When Hewlett-Packard ran with his ideas, it introduced an organizational structure where each product group functioned as a separate organization. This put more focus on both the customers and the products themselves. Sound familiar?

Product Management in the 90s

90s technology cassette tapes

The 90s in tech. What an era.

The way business was done changed drastically in the 90s, and not just because of the rapidly-improving technology. Corporations started re-structuring so that teams were self-managing, and were given more autonomy and ownership.

This is when companies started applying consumer PM principles to software PM. At the time, Microsoft had Program Managers who were essentially engineers. There was a gap between development and tech which needed to be filled. There was no-one in the middle to ‘translate‘.

Product Management developed organically, as the intersection between engineering and brand management.

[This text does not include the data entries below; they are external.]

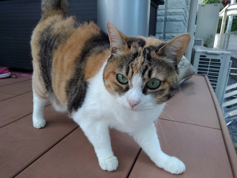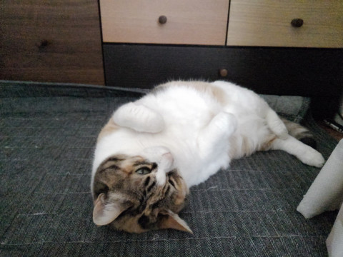 色 三毛 腹側=真っ白、背側=黒茶まだら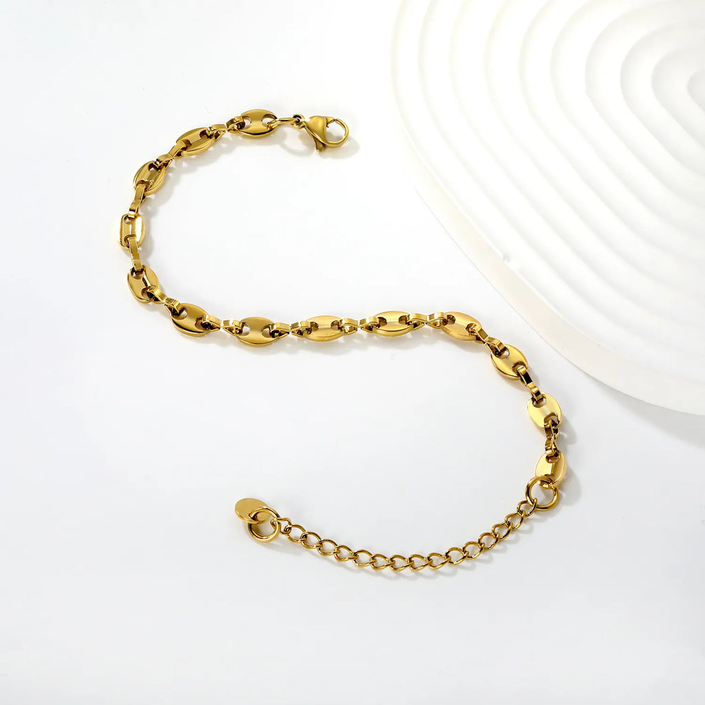 Playful yet refined, this gold pig nose bracelet brings whimsical charm to your jewelry collection. Crafted from durable stainless steel with a polished gold finish, it features a distinctive pig nose design that serves as a conversation starter. Perfect for those who appreciate quirky, statement-making accessories with a touch of luxury. Ideal as a gift for the fashion-forward individual who doesn't take themselves too seriously. Lightweight and comfortable for everyday wear.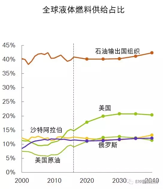 一開始美國的致密油主導(dǎo)了液體燃料生產(chǎn)的增長,隨后則因?yàn)闅W佩克成員國采取增加市場份額的策略而導(dǎo)致其主導(dǎo)了液體燃料生產(chǎn)的增長。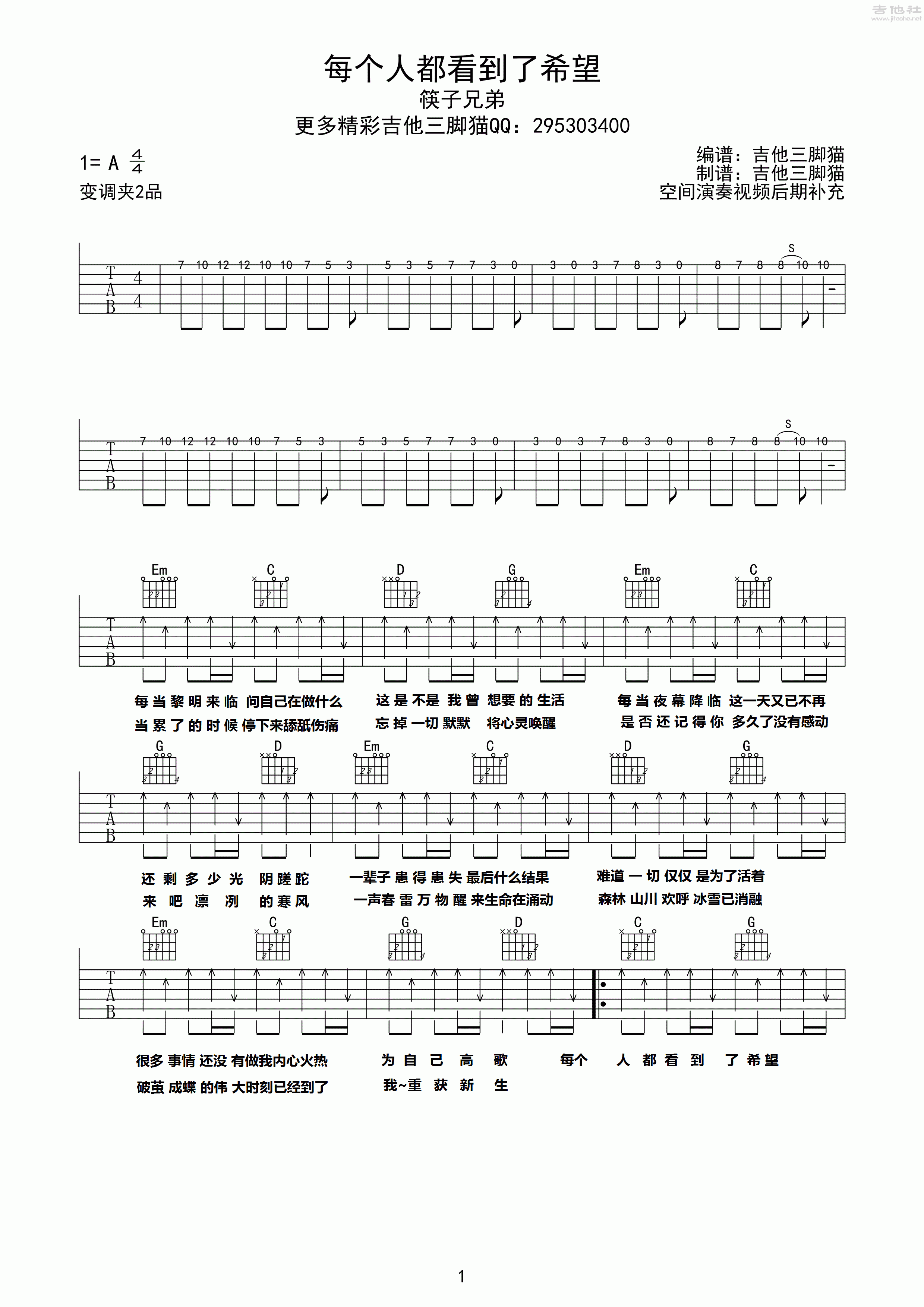 筷子兄弟《每个人都看到了希望》吉他谱,纵玩编配出品,共有2张高清图谱,免翻页排版设计。...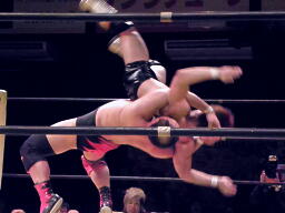 最後はスパイラル・ボム(左写真)、カウント3。
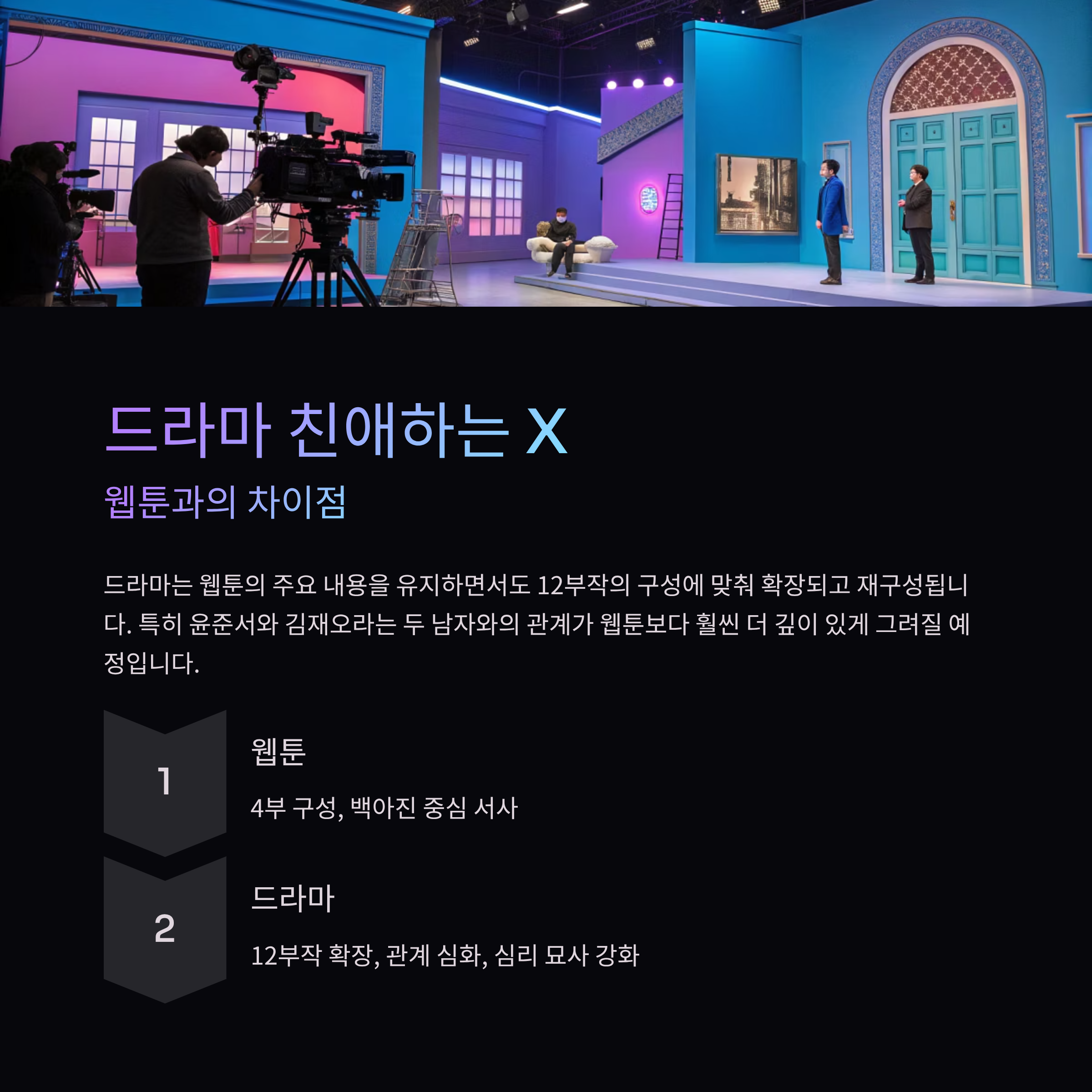 드라마는 웹툰의 주요 내용을 유지하면서도 12부작의 구성에 맞춰 확장되고 재구성됩니다. 특히 윤준서와 김재오라는 두 남자와의 관계가 웹툰보다 훨씬 더 깊이 있게 그려질 예정입니다.

Program Managers evolved into Product Managers (though not universally, as we still have Program Managers today).

It was the 90s that produced several lightweight software development methods. Popular methods were heavyweight, and led to bottlenecks and micro-management. The new methodologies were designed to allow for better time management, and allow for more creativity. Most notable perhaps is Scrum, which was popularized in 1995.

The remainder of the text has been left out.